*** Dataset content ***

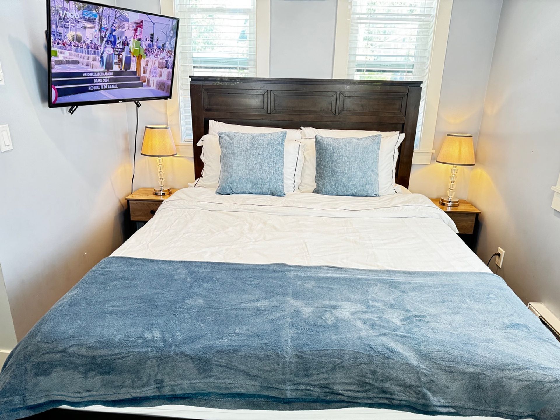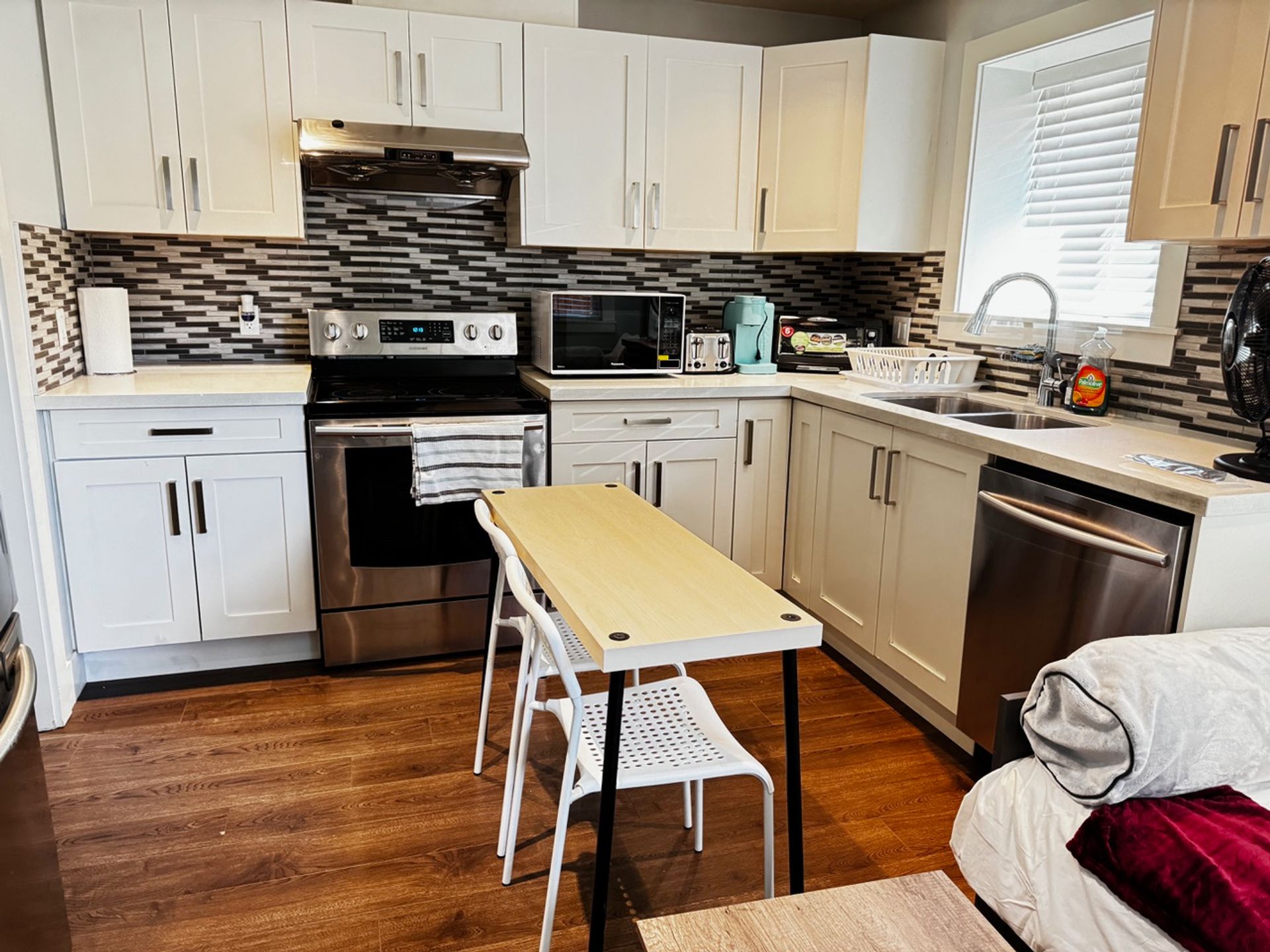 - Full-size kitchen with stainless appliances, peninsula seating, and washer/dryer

*** End of Dataset content ***
*** Dataset content ***

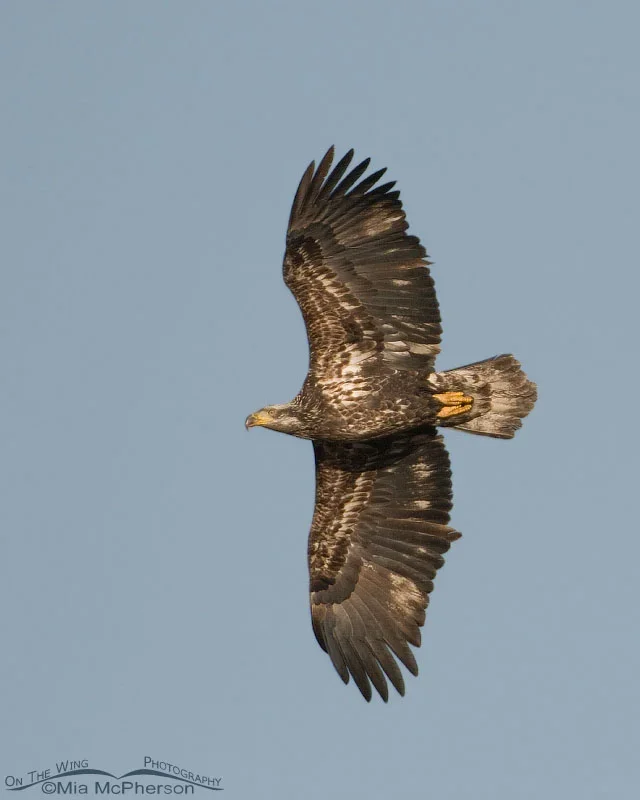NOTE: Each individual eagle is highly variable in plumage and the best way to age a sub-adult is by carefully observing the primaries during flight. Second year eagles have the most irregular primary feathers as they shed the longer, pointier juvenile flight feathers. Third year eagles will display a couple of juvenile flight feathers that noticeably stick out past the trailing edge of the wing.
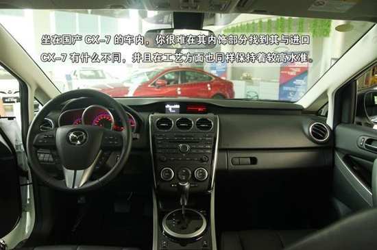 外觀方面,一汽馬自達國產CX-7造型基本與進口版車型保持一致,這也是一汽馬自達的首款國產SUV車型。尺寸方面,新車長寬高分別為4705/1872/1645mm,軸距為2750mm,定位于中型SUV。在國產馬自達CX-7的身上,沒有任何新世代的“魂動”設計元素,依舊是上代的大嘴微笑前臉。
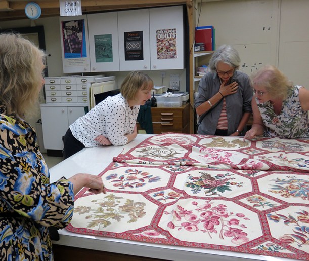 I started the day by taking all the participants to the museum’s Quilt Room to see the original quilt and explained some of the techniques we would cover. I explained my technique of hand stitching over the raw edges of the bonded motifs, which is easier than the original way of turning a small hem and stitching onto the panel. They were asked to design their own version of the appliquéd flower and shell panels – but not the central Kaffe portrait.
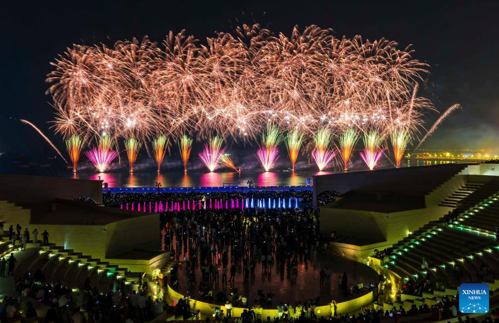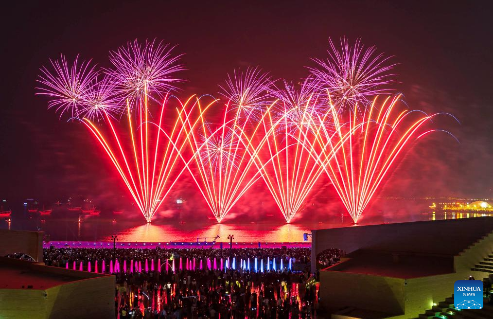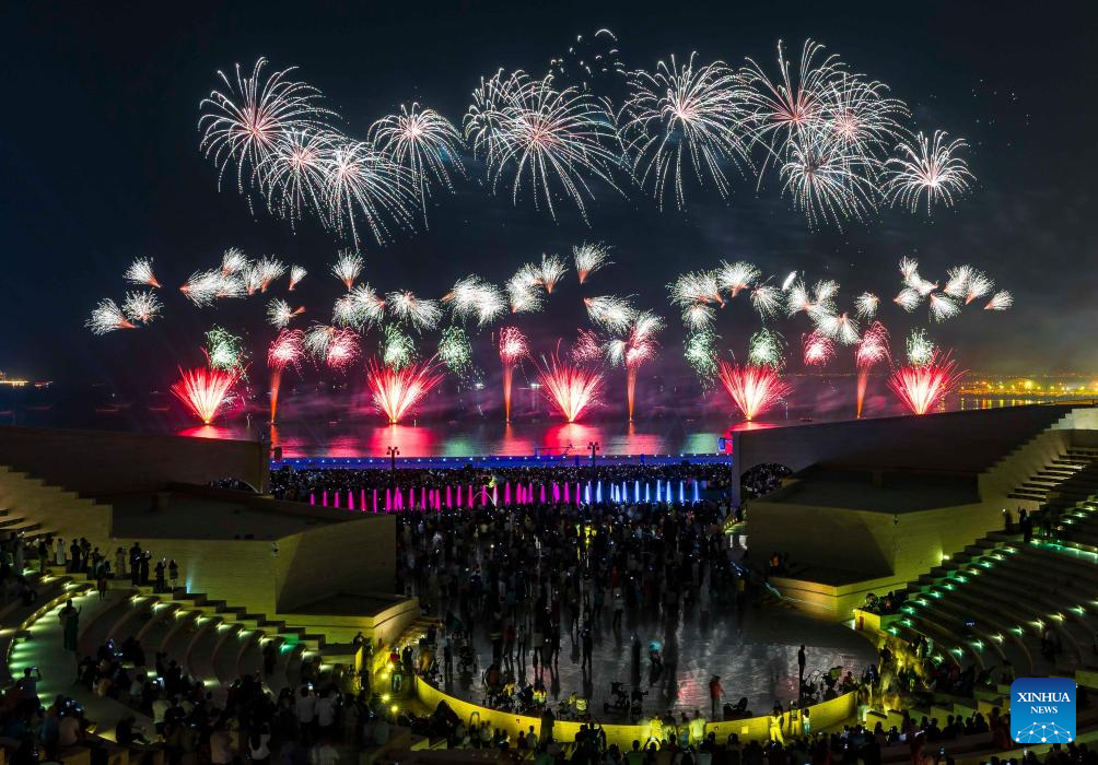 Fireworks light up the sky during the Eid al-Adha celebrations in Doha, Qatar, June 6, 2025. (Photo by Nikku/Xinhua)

*** End of Dataset content ***

**Instructions for the task**
Above are records; repeat only the lines from the line with "I started the" through the line with "Fireworks light up", and leave pictures out.

**Answer area**
 I started the day by taking all the participants to the museum’s Quilt Room to see the original quilt and explained some of the techniques we would cover. I explained my technique of hand stitching over the raw edges of the bonded motifs, which is easier than the original way of turning a small hem and stitching onto the panel. They were asked to design their own version of the appliquéd flower and shell panels – but not the central Kaffe portrait.
 Fireworks light up the sky during the Eid al-Adha celebrations in Doha, Qatar, June 6, 2025. (Photo by Nikku/Xinhua)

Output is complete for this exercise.